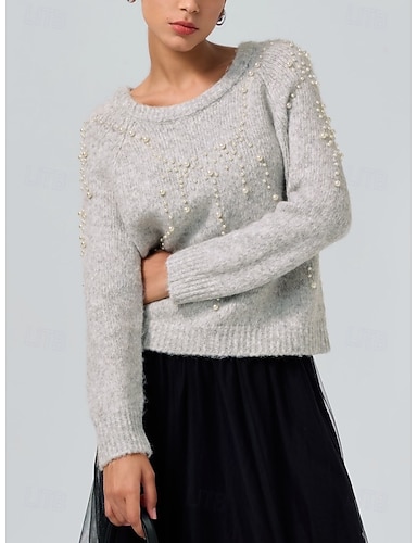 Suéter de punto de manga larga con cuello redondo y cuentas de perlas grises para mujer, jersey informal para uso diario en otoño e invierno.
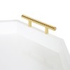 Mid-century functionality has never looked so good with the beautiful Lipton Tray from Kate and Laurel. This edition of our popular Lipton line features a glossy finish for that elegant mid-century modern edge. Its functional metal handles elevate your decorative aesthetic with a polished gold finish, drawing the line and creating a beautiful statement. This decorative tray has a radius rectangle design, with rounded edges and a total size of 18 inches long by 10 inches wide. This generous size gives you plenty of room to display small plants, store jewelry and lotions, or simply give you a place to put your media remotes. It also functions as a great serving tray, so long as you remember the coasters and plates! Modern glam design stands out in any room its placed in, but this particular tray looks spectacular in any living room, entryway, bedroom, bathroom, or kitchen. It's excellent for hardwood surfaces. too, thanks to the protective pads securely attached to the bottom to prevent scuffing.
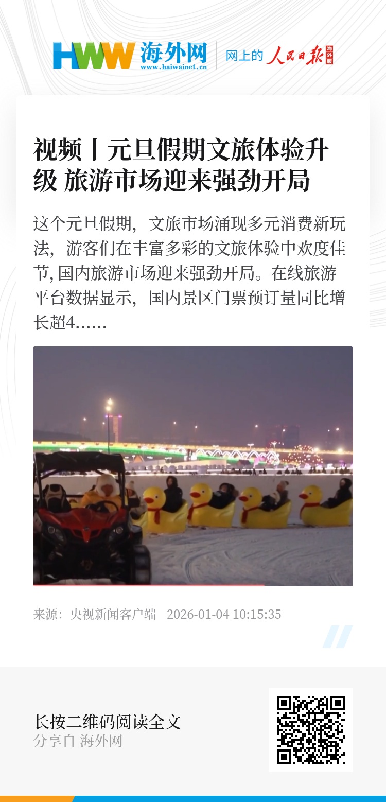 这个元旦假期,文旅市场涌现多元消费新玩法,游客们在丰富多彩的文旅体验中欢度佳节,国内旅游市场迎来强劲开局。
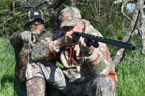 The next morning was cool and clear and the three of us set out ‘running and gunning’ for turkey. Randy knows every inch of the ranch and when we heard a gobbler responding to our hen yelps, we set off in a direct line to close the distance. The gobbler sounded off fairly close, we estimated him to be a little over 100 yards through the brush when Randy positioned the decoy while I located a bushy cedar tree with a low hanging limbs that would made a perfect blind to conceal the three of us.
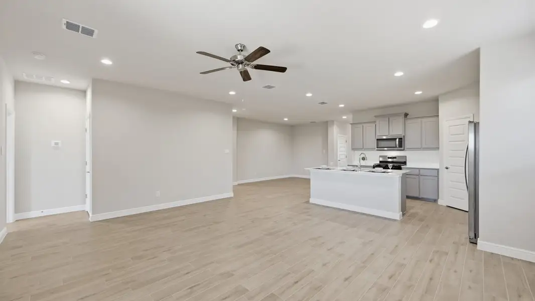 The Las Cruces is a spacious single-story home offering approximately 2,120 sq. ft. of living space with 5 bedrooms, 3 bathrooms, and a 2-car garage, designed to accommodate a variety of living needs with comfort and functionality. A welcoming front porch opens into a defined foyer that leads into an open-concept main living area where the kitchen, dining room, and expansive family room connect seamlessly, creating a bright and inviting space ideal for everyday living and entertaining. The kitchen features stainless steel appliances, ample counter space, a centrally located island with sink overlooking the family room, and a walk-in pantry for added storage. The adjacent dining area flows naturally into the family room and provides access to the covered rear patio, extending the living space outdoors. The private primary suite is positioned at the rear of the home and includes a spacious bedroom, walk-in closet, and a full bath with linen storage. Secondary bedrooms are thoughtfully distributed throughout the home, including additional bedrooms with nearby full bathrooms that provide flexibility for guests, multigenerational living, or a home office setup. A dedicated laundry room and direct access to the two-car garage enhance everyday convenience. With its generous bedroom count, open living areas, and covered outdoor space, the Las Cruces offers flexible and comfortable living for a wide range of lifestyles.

# # # # # # #

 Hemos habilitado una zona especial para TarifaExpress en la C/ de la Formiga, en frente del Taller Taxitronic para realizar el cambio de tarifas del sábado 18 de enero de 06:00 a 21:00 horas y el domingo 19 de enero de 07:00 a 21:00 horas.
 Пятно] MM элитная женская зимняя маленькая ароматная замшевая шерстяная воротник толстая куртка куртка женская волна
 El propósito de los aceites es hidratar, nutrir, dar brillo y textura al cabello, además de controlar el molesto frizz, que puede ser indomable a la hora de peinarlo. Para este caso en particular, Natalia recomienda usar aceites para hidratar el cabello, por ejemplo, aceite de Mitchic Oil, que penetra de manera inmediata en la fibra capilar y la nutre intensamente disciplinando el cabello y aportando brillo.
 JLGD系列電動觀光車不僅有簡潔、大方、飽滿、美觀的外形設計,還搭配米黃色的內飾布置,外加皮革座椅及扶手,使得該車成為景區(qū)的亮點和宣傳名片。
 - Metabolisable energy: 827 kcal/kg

# # # # # # #

EXERCISE –
Using the entries above, repeat exactly the lines from the one with "这个元旦假期,文旅市场涌现多" to the one with "The next morning", both included, and leave the pictures behind.

RESPONSE TO THIS EXERCISE –
 这个元旦假期,文旅市场涌现多元消费新玩法,游客们在丰富多彩的文旅体验中欢度佳节,国内旅游市场迎来强劲开局。
 The next morning was cool and clear and the three of us set out ‘running and gunning’ for turkey. Randy knows every inch of the ranch and when we heard a gobbler responding to our hen yelps, we set off in a direct line to close the distance. The gobbler sounded off fairly close, we estimated him to be a little over 100 yards through the brush when Randy positioned the decoy while I located a bushy cedar tree with a low hanging limbs that would made a perfect blind to conceal the three of us.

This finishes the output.